Sunday, August 10, 2008

More Reflections from the SK Section's Mountaineering Camp

by JJ Hodgson

When I agreed to go on this mountaineering camp, I didn't know exactly what I was getting into. All I knew for sure was that I would get to do a scramble...a feat which I had never accomplished. Then the trip started to get closer and I started hearing about ice axes and crampons, which for all I knew were medieval torture devices, and I started to wonder what I had signed up for. After hiking in to the Stanley Mitchell hut and meeting all the friendly people who were so excited for the next morning's adventures, I have to say I was even more nervous than before. Not only did I not know what half of my gear was supposed to do or how to put it on, I was surrounded by people who seemed to actually be looking forward to what I assumed would be a grueling day of being tired, cold, and possibly impaled by one of the foreign objects I had packed in!

We awoke the next morning bright and early. I felt sick. I was positive I wouldn't like the day, I felt like I was getting a cold (that prediction came true, and I don't recommend trying it yourself unless you've got lots of toilet paper!), and all I wanted to do was stay up in the warm bunk of the hut. Going through the motions of getting geared up for the hike, I could only look forward to the passing of the several hours that would bring me back to the cabin. After some steep uphill and lot of internal swearing and whining, I found myself staring up at what would be my first scramble. It stood there beside us, looking impossibly scary, while we practiced crevasse rescue. Note to everyone: do not rely on me to save you. My focus was spent ignoring the looming rock that I didn't want to climb.

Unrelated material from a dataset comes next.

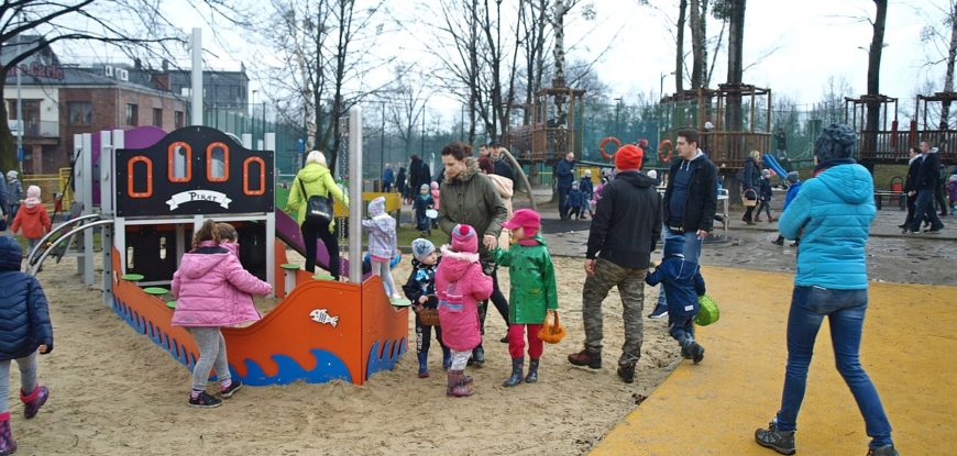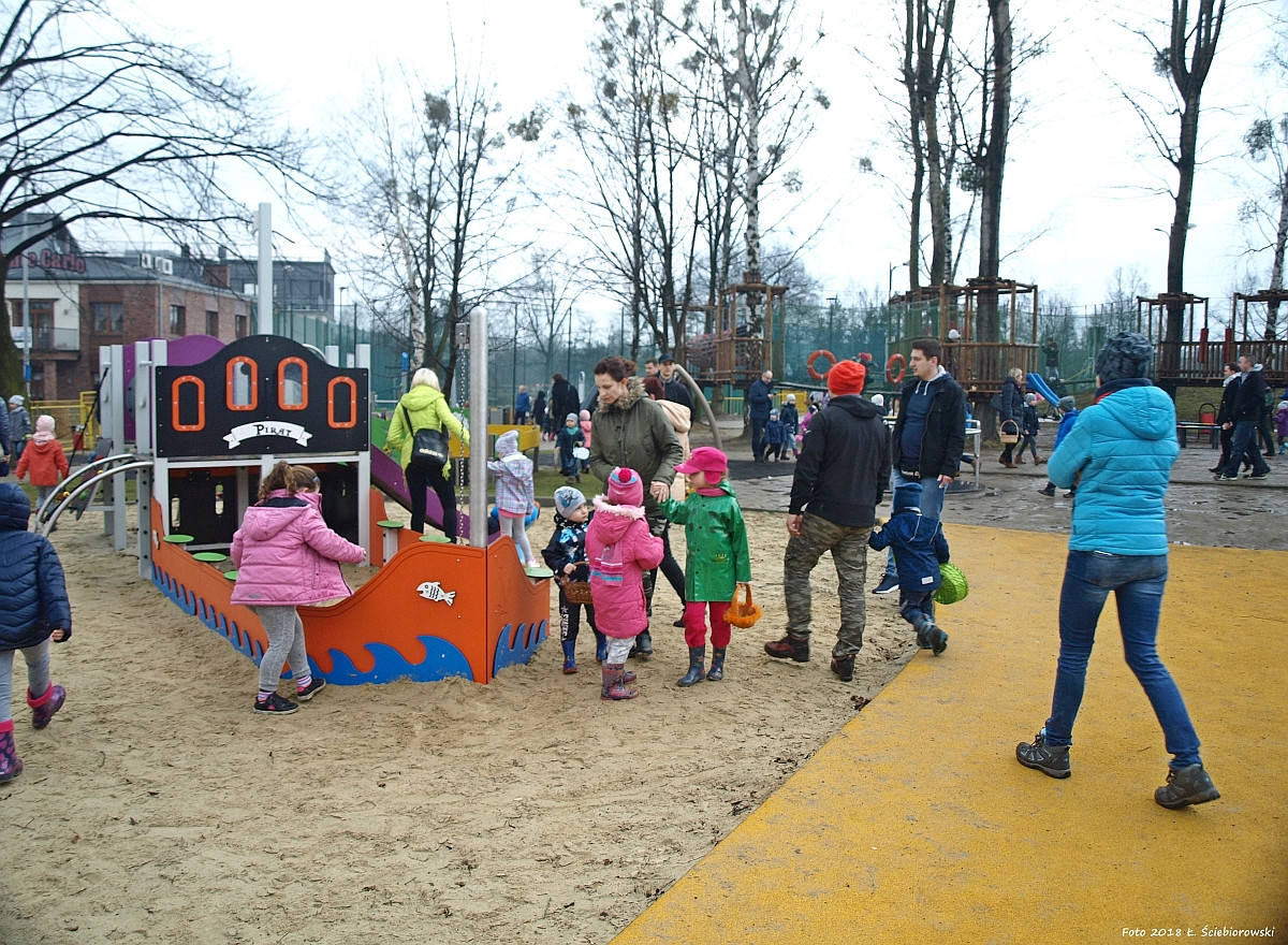 W wielkanocny sobotni poranek, dzieci spotkały się na terenie nowego placu zabaw MOSiR by poszukiwać czekoladowych jajek niespodzianek. Wszystko to w ramach akcji projektu UMWETU. Poszukiwania szły tak dobrze, że nawet część dzieci niestety nie miała już szans by wypełnić koszyczek słodkościami. Dla nich przygotowany był dodatkowy słodki poczęstunek. Część dzieci pozostała nawet dłużej aby skorzystać z nowych atrakcji placu zabaw.

As you can probably guess, once the lesson on rescue was complete, I climbed the rocks. I was short roped, and I stuck as close to Dave as he would let me, but I climbed them. I then found out that the top of those rocks was not even the top of Mt Kerr. That was a cruel joke. However, the top of Mt Kerr was eventually under my feet, and I have never felt more exhilarated than after making it to the top. The way down was even more fun. We practiced self arrests, and I did not kill myself with my ice axe. We bum slid down a few giant snow slopes, putting all of my past tobogganing trips to shame. We laughed, took pictures, talked about blisters, and scoped out the glacier that would take us up to the President the next day. Everyone was on a high.

I did not greet any other mornings with anxiety. The first day of the trip showed me what mountaineering was. I learned that I could climb a mountain without keeling over from the exertion. I learned that I forgot the pain of climbing the mountain once I got to the top. I learned that no matter how freaked out something made me, there were awesome leaders to make sure everyone got through it all right. The remainder of the camp flew by, with incredible hikes and new lessons each day. I still can't believe that my trip turned from being something I was worried about to something I enjoyed so much. I loved the trip, I'm still annoying my friends with Ivan's jokes and other stories from it, and I look forward to doing another one.